I come up with so many sto­ries on the job that if I had the mon­ey I would hire a stenog­ra­ph­er to take down every­thing so I don’t for­get it. Con­struc­tion work is such a human occu­pa­tion, it’s all sweat and sto­ries and jokes. I’ll take a piece of a sto­ry I heard here, or a thing that I’ve seen there and even­tu­al­ly make a com­plete sto­ry of it. It can also be a very monot­o­nous job, doing the same thing over and over again to where you can let your mind drift, though you have to be care­ful not to nail your­self to a roof or cut off a limb while you’re “pre-writ­ing.”

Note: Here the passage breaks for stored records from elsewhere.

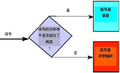 聲學(xué)回聲的一般頻譜特征類似于語音的頻譜特征。類似地,聲學(xué)回聲路徑中的非線性特征會(huì)引起回聲和原始語音音節(jié)之間的不一致。因此,有效語音和對(duì)應(yīng)的聲學(xué)回聲之間的電平差異(振幅差異)提供了相應(yīng)的信息,使用該類信息,可將聲學(xué)回聲從主流語音中分離出來。在圖4中,給出了識(shí)別某一信號(hào)是有效信號(hào)還是聲學(xué)回聲信號(hào)所采用的邏輯方法的概念視圖。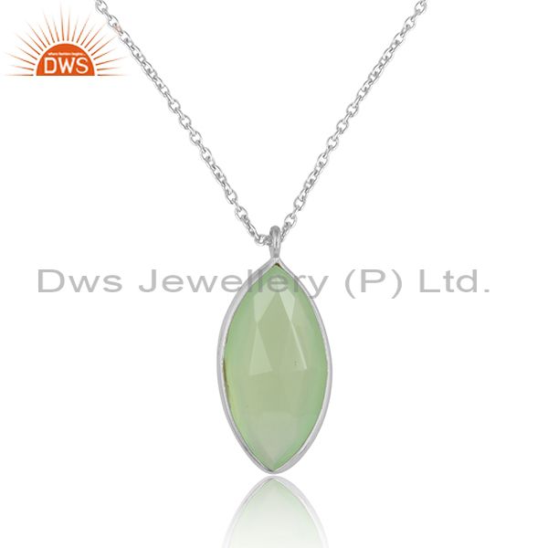 Prehnite Chalcedony Gemstone Fine Sterling Silver Chain Pendant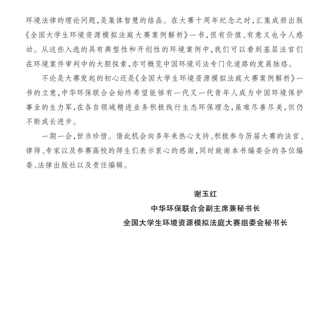 近日,《全国大学生环境资源模拟法庭大赛案例解析》一书已由法律出版社出版,在全国公开发行。本书既是一部可称之为精品的环境法案例教程,同时也是一部不可多得的由环境法官撰稿的环境法学术著作。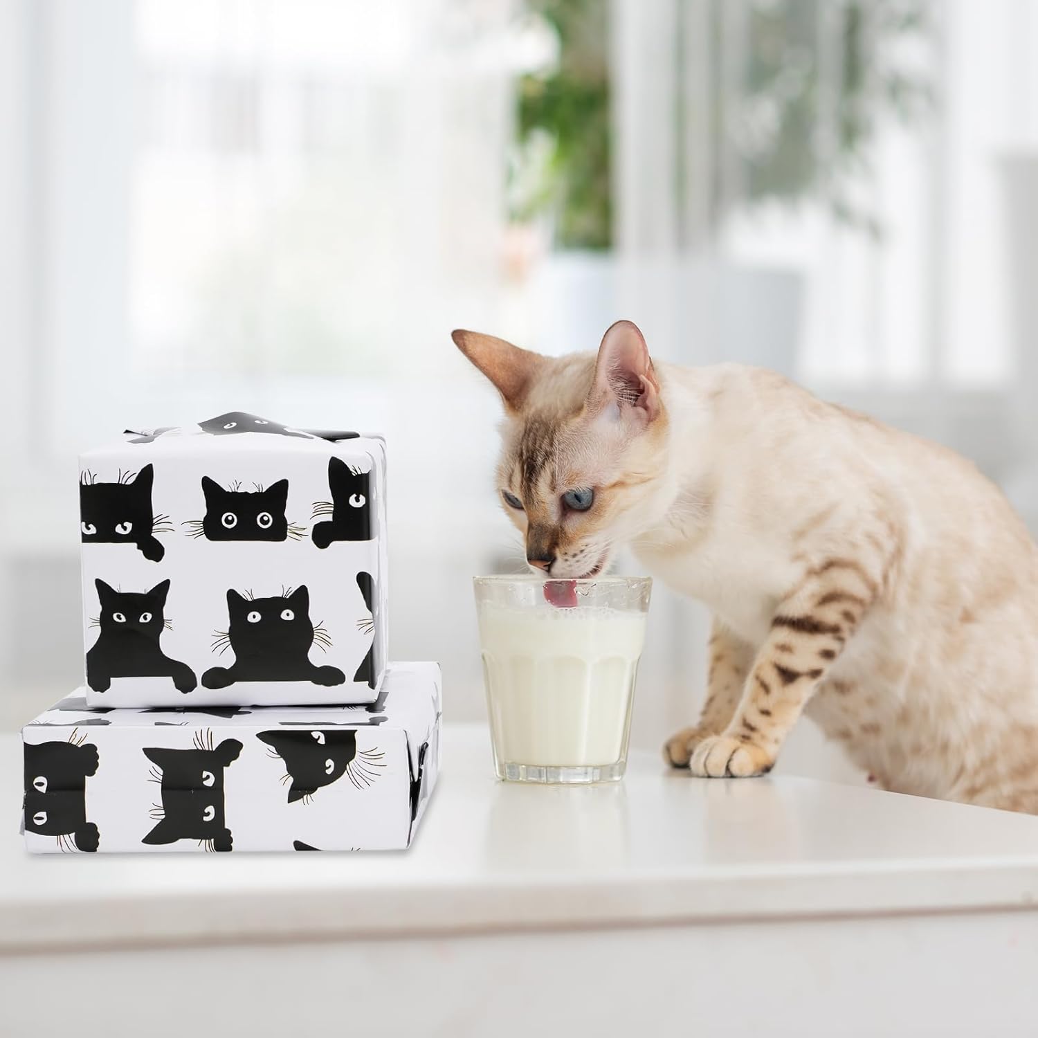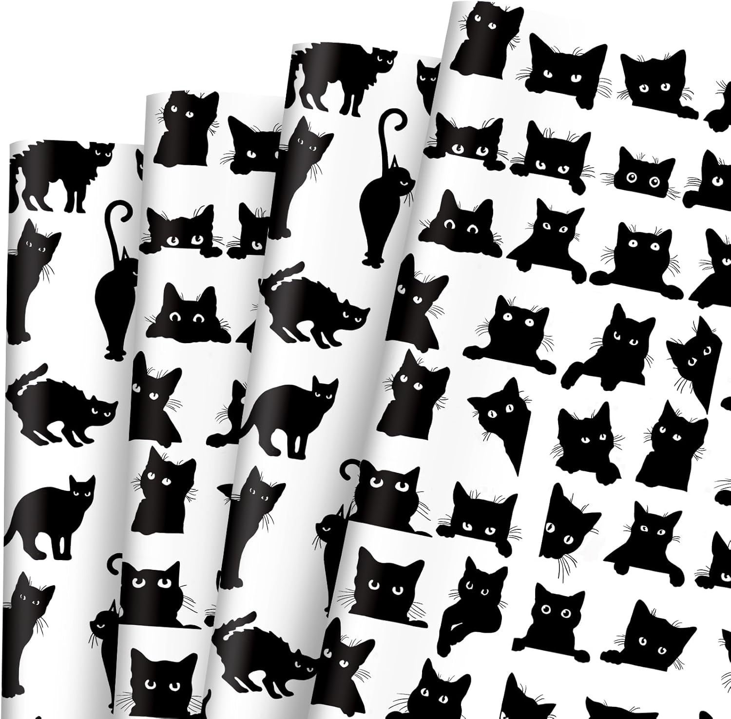 - CAT DESIGN: Our wrapping paper adopts cartoon design with various black cats, cute and delicate, will nicely increase the fun atmosphere, great for gift wrapping.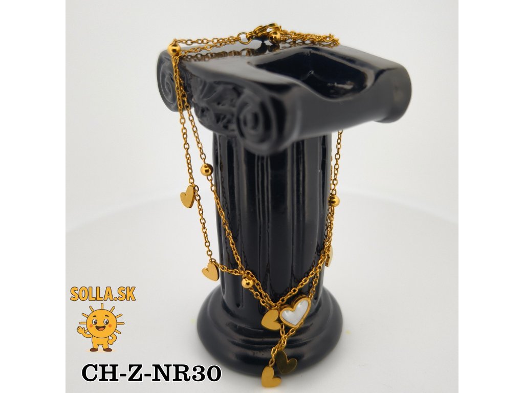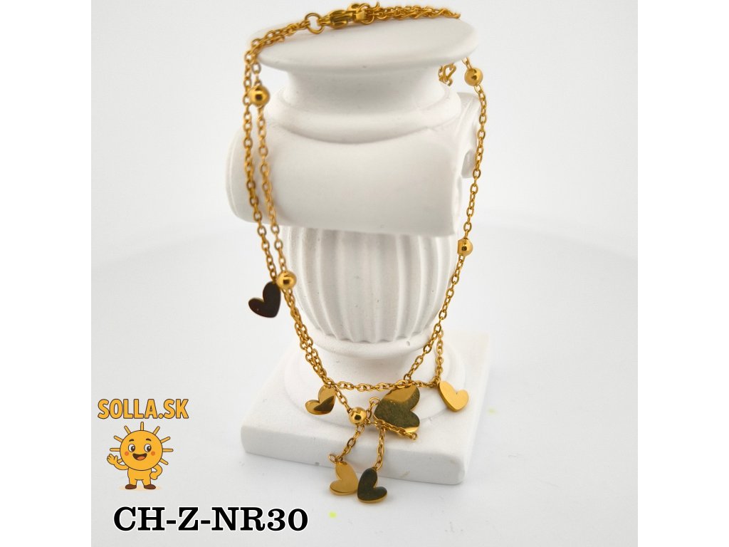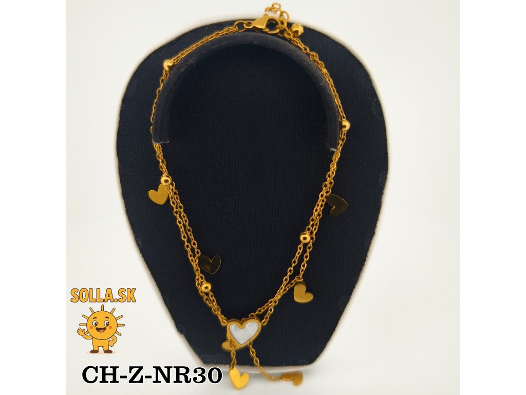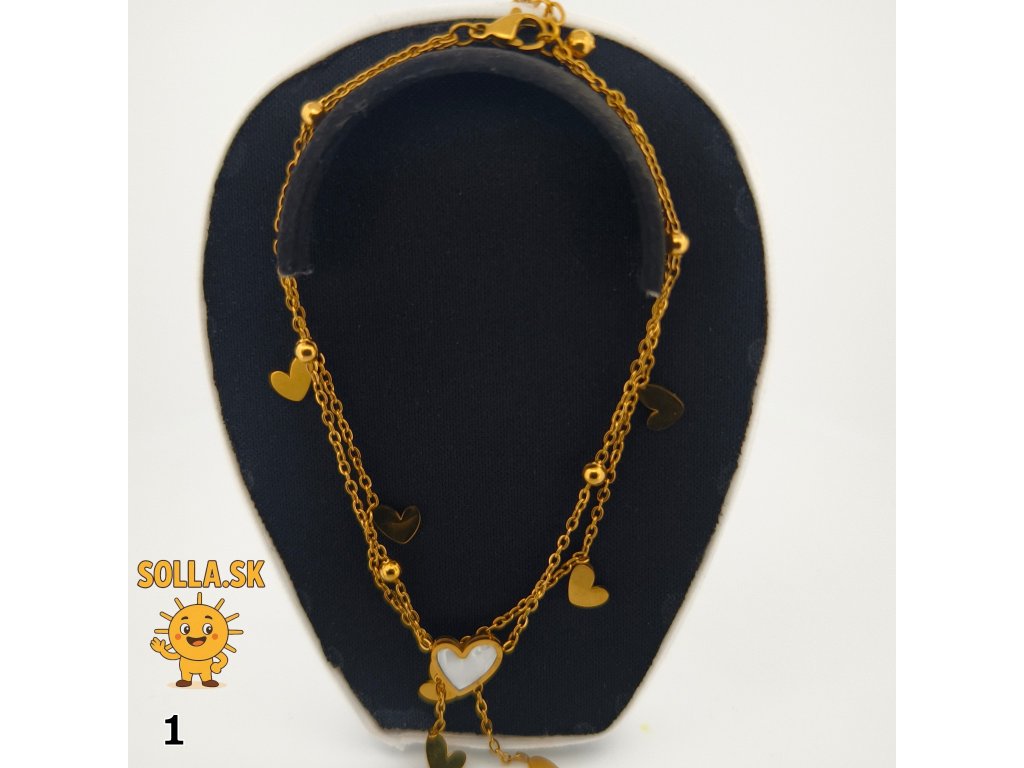 Hlavnou ozdobou je perleťové srdiečko doplnené drobnými zlatými príveskami, ktoré sa jemne pohupujú pri každom pohybe.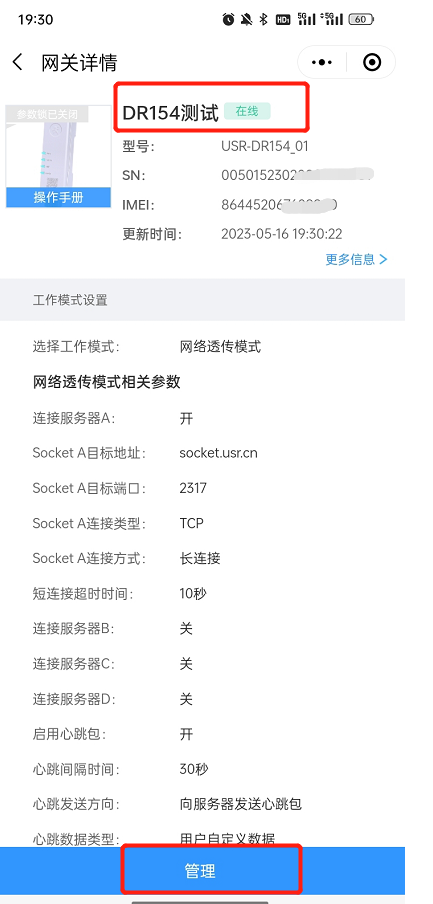5.點(diǎn)擊下方的“管理”,可以設(shè)置DTU的MQTT參數(shù),設(shè)置完所有參數(shù)后,需要點(diǎn)擊“配置網(wǎng)關(guān)”。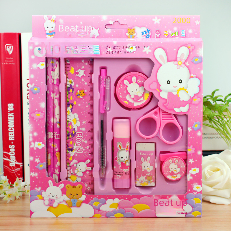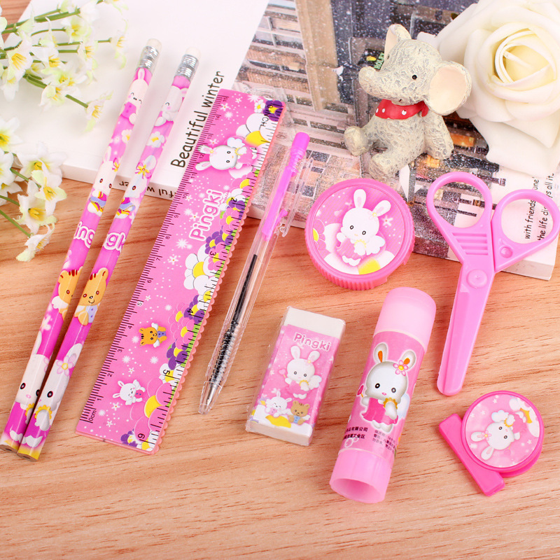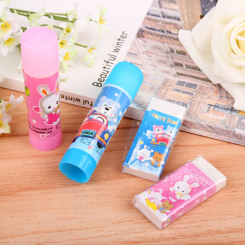 - Components: 2 pencils, 1 ballpoint pen, 1 solid glue, 1 pencil sharpener, 1 ruler, 1 eraser, 1 bookmark, and 1 pair of scissors
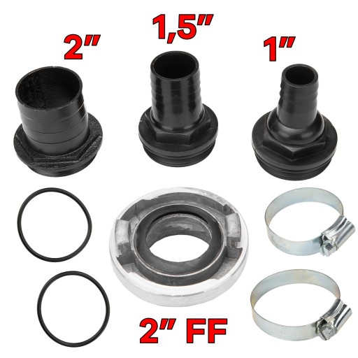 Do pompy dołączone są 3 redukcje (2" , 1,5" , 1"), które pozwalają na zamontowanie węży o różnych średnicach.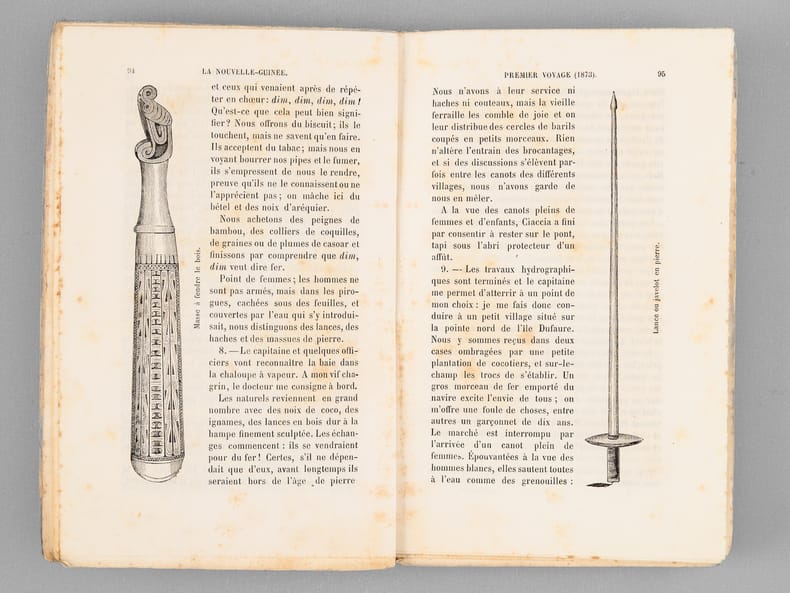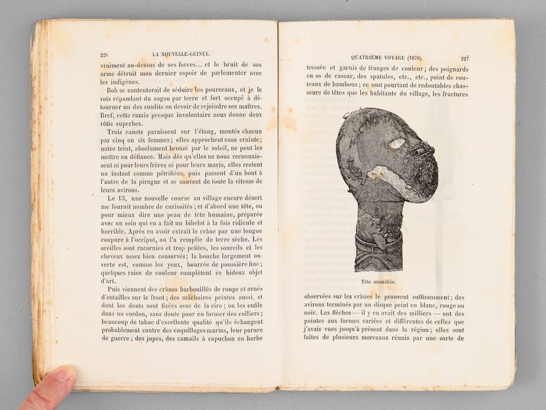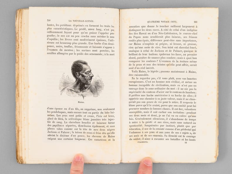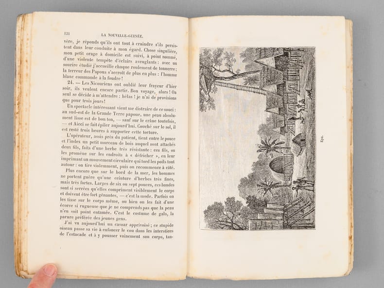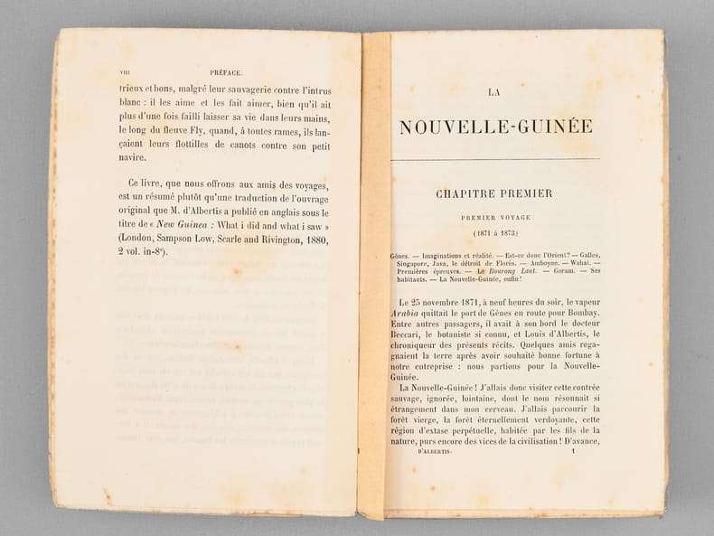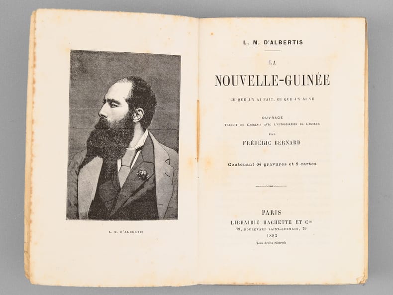 Etat satisfaisant (couv. frottée, bon état par ailleurs). Peu courant en exemplaire d'époque. L'auteur était un naturaliste italien qui découvrit de nombreuses espèces animales en Nouvelle-Guinéee, encore largement inexplorée. Plusieurs espèces portent d'ailleurs son nom.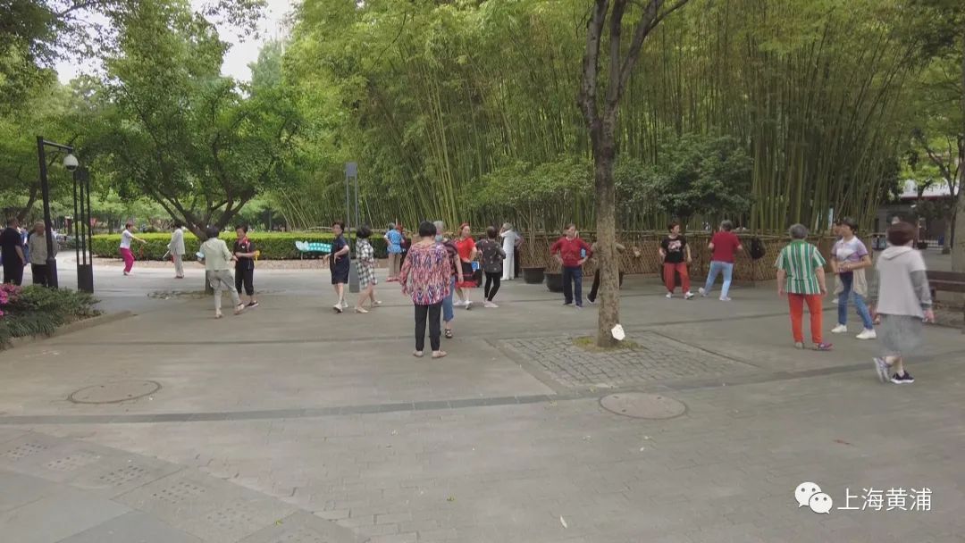 有组团一起早锻炼的老人,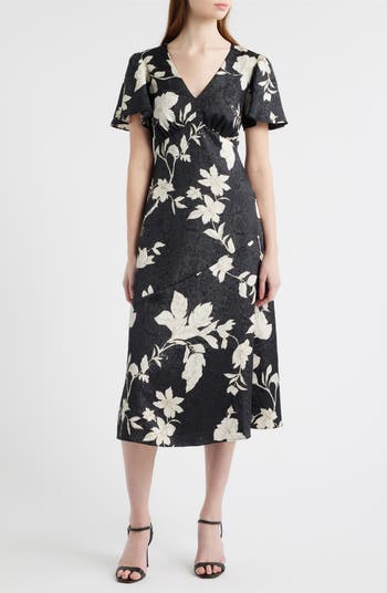 Fabulous floral print pops against a dark background on this jacquard midi dress framed by fluttering sleeves and cut in a beautifully draped silhouette.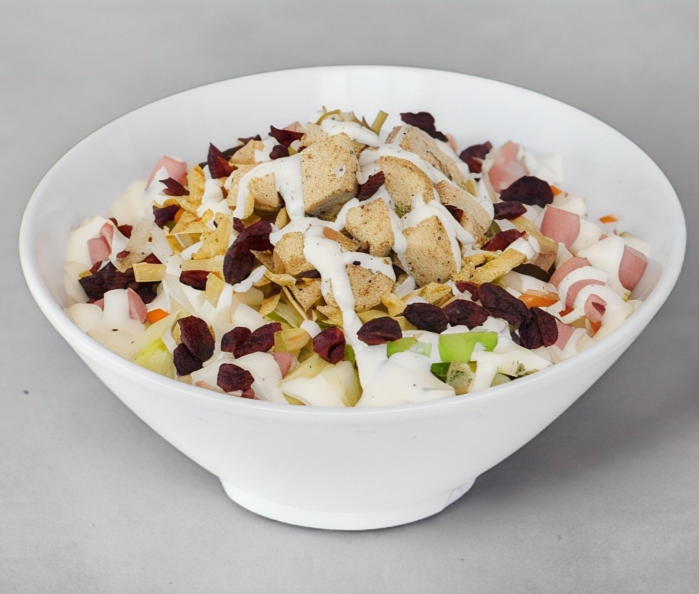 Deliciosa ensalada de lechuga, zanahoria, pepino, apio, arándano, fritura, queso, jamón y pechuga con aderezo ranch.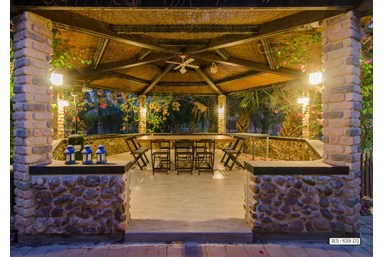 בחצר תיהנו מספסלי עץ, פינות ישיבה נוחות, עמדת bbq מאובזרת, תאורת לילה נעימה מדשאות מוריקות ושפע עצי נוי.

I know you also write poet­ry. Who are the poets you look to for inspi­ra­tion, both big press and small press?

I sup­pose my favorite poet would be Bukows­ki. I like his stripped down, unortho­dox style. I am real­ly into Clay Matthews now, a local writer from Greeneville, TN. And of course my wife’s poet­ry. And I’m not just say­ing that so I’ll get fried chick­en instead of beans tonight, she real­ly is one of my favorites. I have sel­dom met a truer writer of words. It’s one of the things that made me fall in love with her.

Do you feel it's a gift or hard­ship, being a south­ern writer and try­ing to pub­lish large­ly rur­al material?

It can be both, I think. I think some peo­ple not from the south might look at a book from a south­ern writer and think it can’t apply to them. But I think in gen­er­al, if it’s good and if it’s true, it will find a way. The truth always finds a way.

What are your plans for your pub­lish­ing future? Any new projects on the horizon?

I have anoth­er col­lec­tion of short sto­ries in the works. And a col­lec­tion of flash fic­tion. A book of poems, and two nov­els I am cur­rent­ly work­ing on.

Can you rec­om­mend some music for me and the madding crowd? I'm tired of every­thing I'm lis­ten­ing to these days.

I know how you feel. Music is almost as much a part of my life as read­ing and writ­ing. And once I get into an artist, I tend to dri­ve it right into the ground till I’m sick of it. Right now I’m lis­ten­ing to a lot of Choco­late Genius. He’s kind of a black Tom Waits.